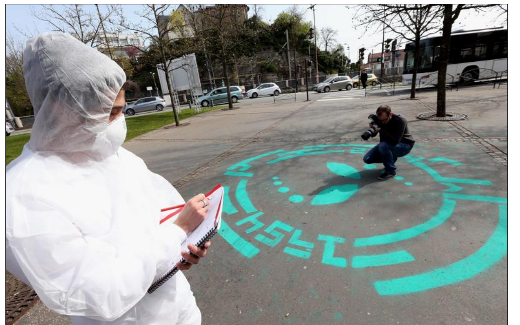
■ Le photographe Émile Frost est venu observer ces symboles soudainement apparus dans la nuit de dimanche à lundi alors qu'un expert a brièvement noté quelques mesures.
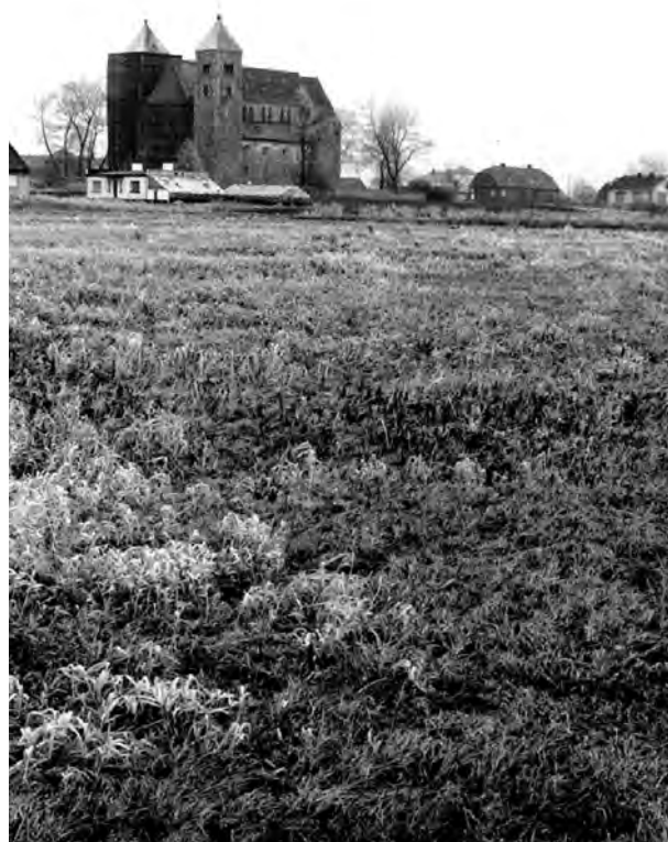
4. Archikolegiata w Tumie pod Łęczyczą. Widok od strony zachodniej w grudniu 1998 r.

3. Arch-collegiate church in Tum near Łęczycza. View to the west during the flood in the summer of 1960.

┄┄┄┄┄┄

**PROBLEM STATEMENT**
Could you retype the whole listing word for word, minus its pictures?

**TASK OUTPUT**
■ Le photographe Émile Frost est venu observer ces symboles soudainement apparus dans la nuit de dimanche à lundi alors qu'un expert a brièvement noté quelques mesures.
4. Archikolegiata w Tumie pod Łęczyczą. Widok od strony zachodniej w grudniu 1998 r.

3. Arch-collegiate church in Tum near Łęczycza. View to the west during the flood in the summer of 1960.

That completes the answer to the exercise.